Abweichend vom Bundesrecht, können die Länder allerdings eigene Regelungen in diesem Bereich treffen. So kann häufig unter bestimmten Voraussetzungen, wie das Vorliegen von ausreichenden Herdenschutzmaßnahmen, eine Entschädigung durch das Land beantragt werden.”

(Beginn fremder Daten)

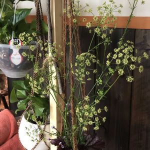 おはようございます 昨夜の突然の雨☔️と風🌪️ オカワカメの鉢に倒れ イタリアンパセリの茎折れる💦 オカワカメの鉢 ケチってダイソーの浅めの鉢にしてしまったのが失敗 本格的に暑くなる前に深い鉢を買いに行って植え替えよう 茎が折れてしまったイタリアンパセリの花は瓶に挿して ポトスたちのハンガーにぶら下げときました😆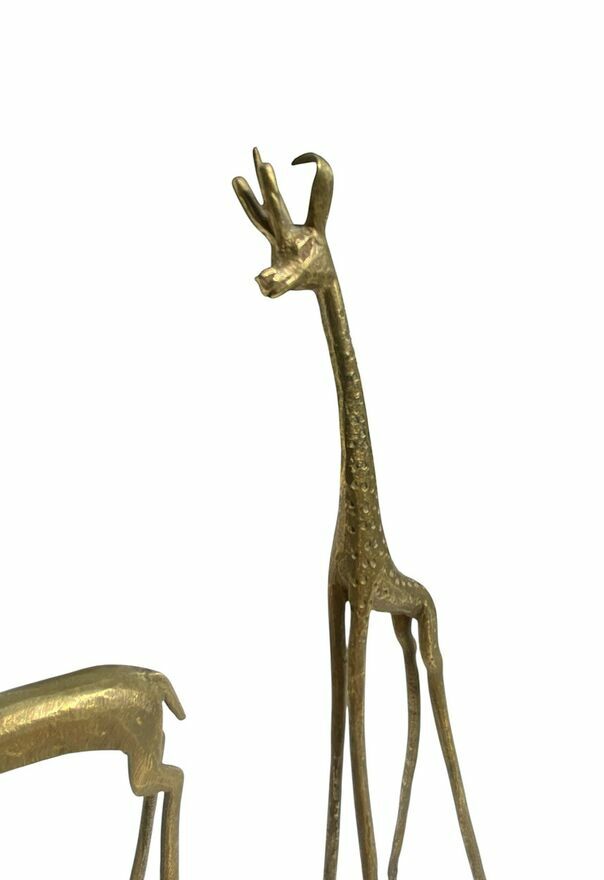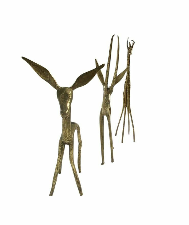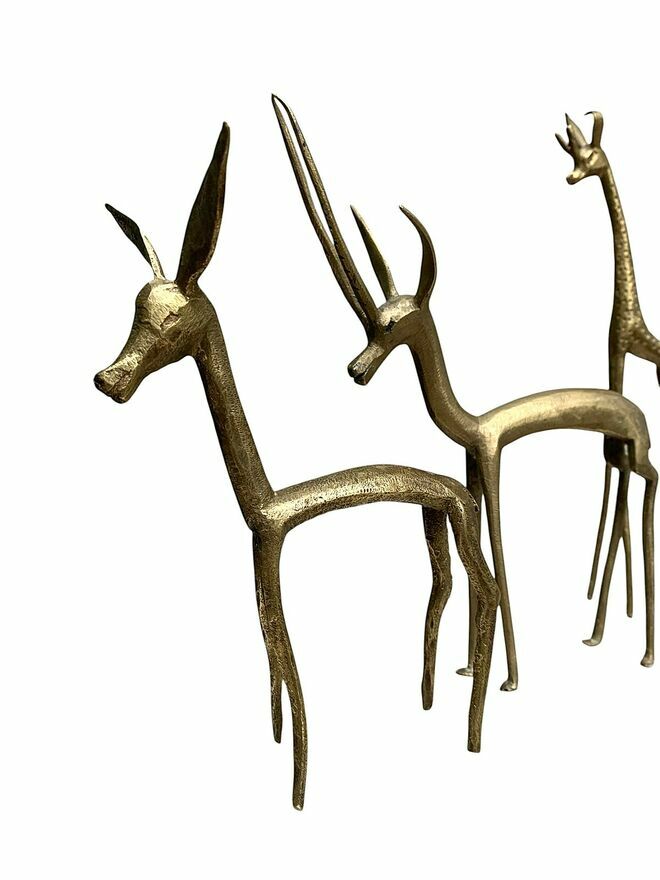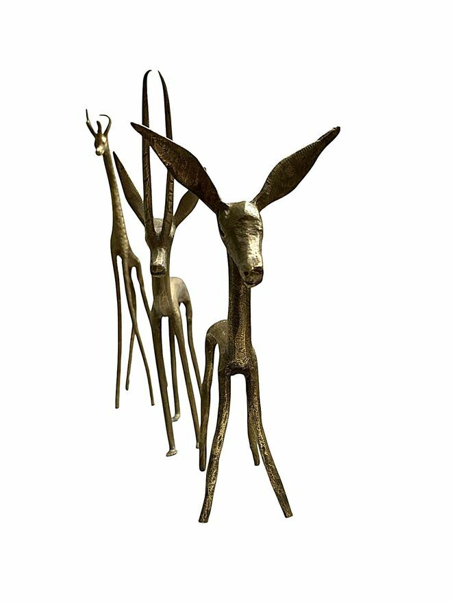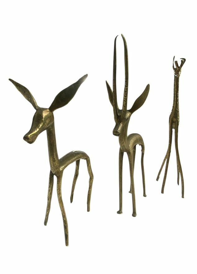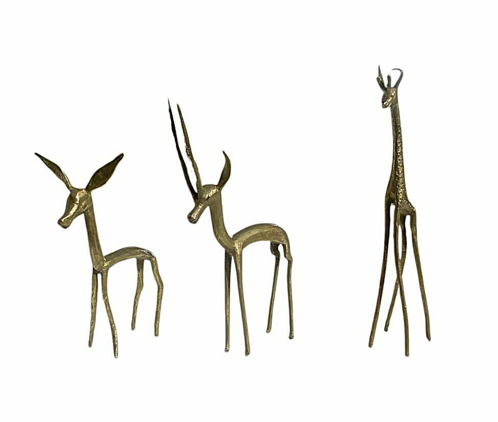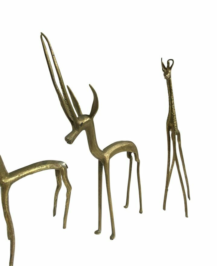 Zestaw figurek mosiężnych retro vintage, zwierzęta z Safarikomplet 3 szt: gazela, antylopa, żyrafa

Antwort Bundesministeriums für Landwirtschaft, Ernährung und Heimat auf eine Anfrage der STIFTUNG für BÄREN -Wildtier- und Artenschutz

4 - FAZIT

Wölfe sind ein wichtiger Bestandteil des Ökosystems. Die Bejagung auf Wölfe ist ein herber Rückschlag für die Natur und den Artenschutz. Wir können daher nur hoffen, dass die Konsequenzen der Wolfsjagd nicht allzu gravierend sein werden. Doch schon jetzt ist diese Gesetzesänderung ein weiteres düsteres Kapitel der Bundesrepublik im Umgang mit Wildtieren. Während Wildtiere in Gefangenschaft gezüchtet, gehandelt (Deutschland ist Europas Umschlagplatz Nummer 1 in Sachen Wildtierhandel) und missbraucht werden (Deutschland hat als einziges Land der EU keinerlei Wildtierverbot in Zirkussen), ist nun die Jagd auf wildlebende Wölfe eröffnet.